## [Input data]
►

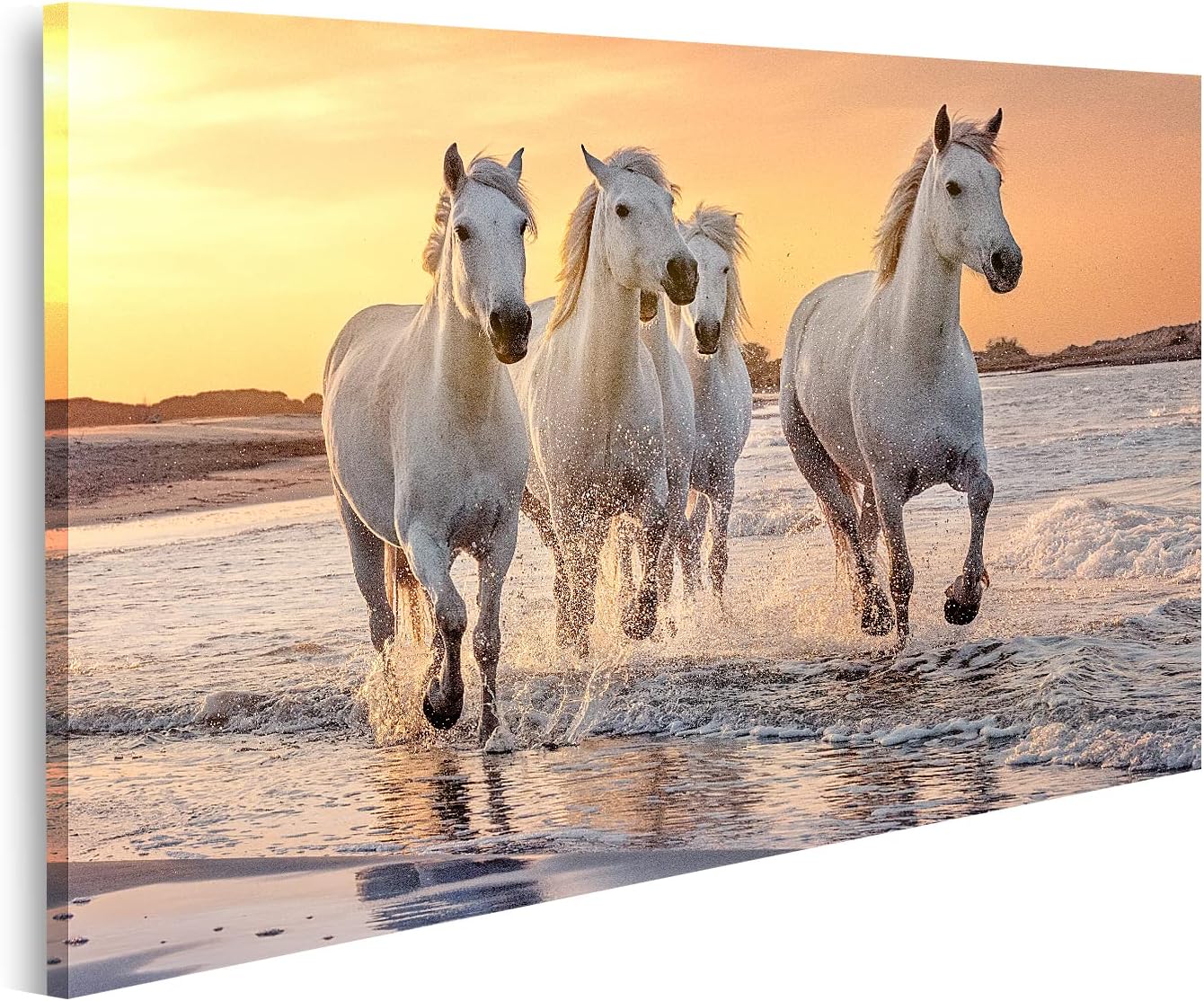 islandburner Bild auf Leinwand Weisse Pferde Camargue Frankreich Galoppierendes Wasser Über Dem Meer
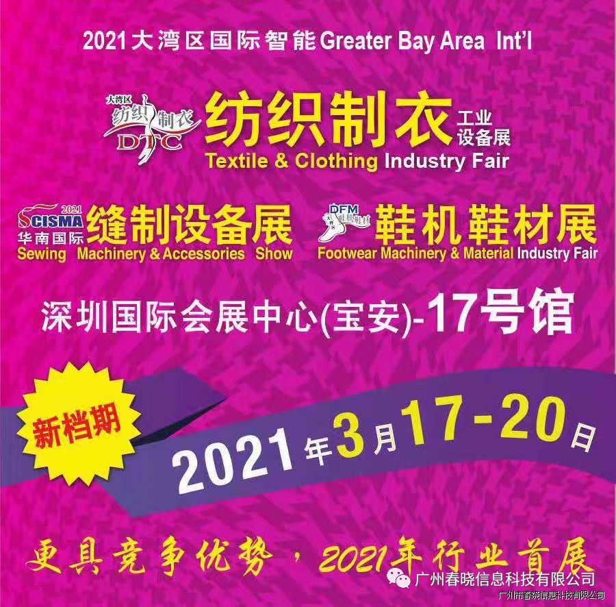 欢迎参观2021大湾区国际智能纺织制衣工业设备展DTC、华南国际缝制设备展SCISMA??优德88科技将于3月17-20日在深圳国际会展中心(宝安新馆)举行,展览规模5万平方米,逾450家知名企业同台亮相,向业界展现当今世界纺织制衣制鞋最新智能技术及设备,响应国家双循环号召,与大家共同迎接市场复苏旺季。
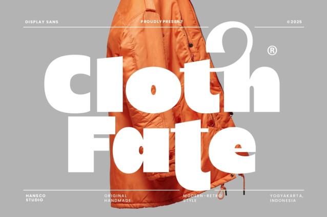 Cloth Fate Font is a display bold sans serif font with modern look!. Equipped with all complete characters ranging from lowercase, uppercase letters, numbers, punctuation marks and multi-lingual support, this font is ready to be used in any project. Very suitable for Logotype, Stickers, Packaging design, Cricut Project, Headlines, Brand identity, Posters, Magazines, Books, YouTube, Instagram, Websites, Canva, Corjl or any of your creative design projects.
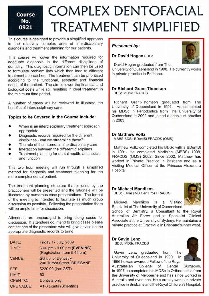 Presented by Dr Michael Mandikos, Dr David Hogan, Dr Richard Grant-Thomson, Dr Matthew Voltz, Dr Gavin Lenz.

◄

## [Exercise goal]
Only lines go in the copy, not pictures. Transcribe exactly from the start of the listing through the line containing "Cloth Fate Font".

## [Answer to this exercise]
 islandburner Bild auf Leinwand Weisse Pferde Camargue Frankreich Galoppierendes Wasser Über Dem Meer
 欢迎参观2021大湾区国际智能纺织制衣工业设备展DTC、华南国际缝制设备展SCISMA??优德88科技将于3月17-20日在深圳国际会展中心(宝安新馆)举行,展览规模5万平方米,逾450家知名企业同台亮相,向业界展现当今世界纺织制衣制鞋最新智能技术及设备,响应国家双循环号召,与大家共同迎接市场复苏旺季。
 Cloth Fate Font is a display bold sans serif font with modern look!. Equipped with all complete characters ranging from lowercase, uppercase letters, numbers, punctuation marks and multi-lingual support, this font is ready to be used in any project. Very suitable for Logotype, Stickers, Packaging design, Cricut Project, Headlines, Brand identity, Posters, Magazines, Books, YouTube, Instagram, Websites, Canva, Corjl or any of your creative design projects.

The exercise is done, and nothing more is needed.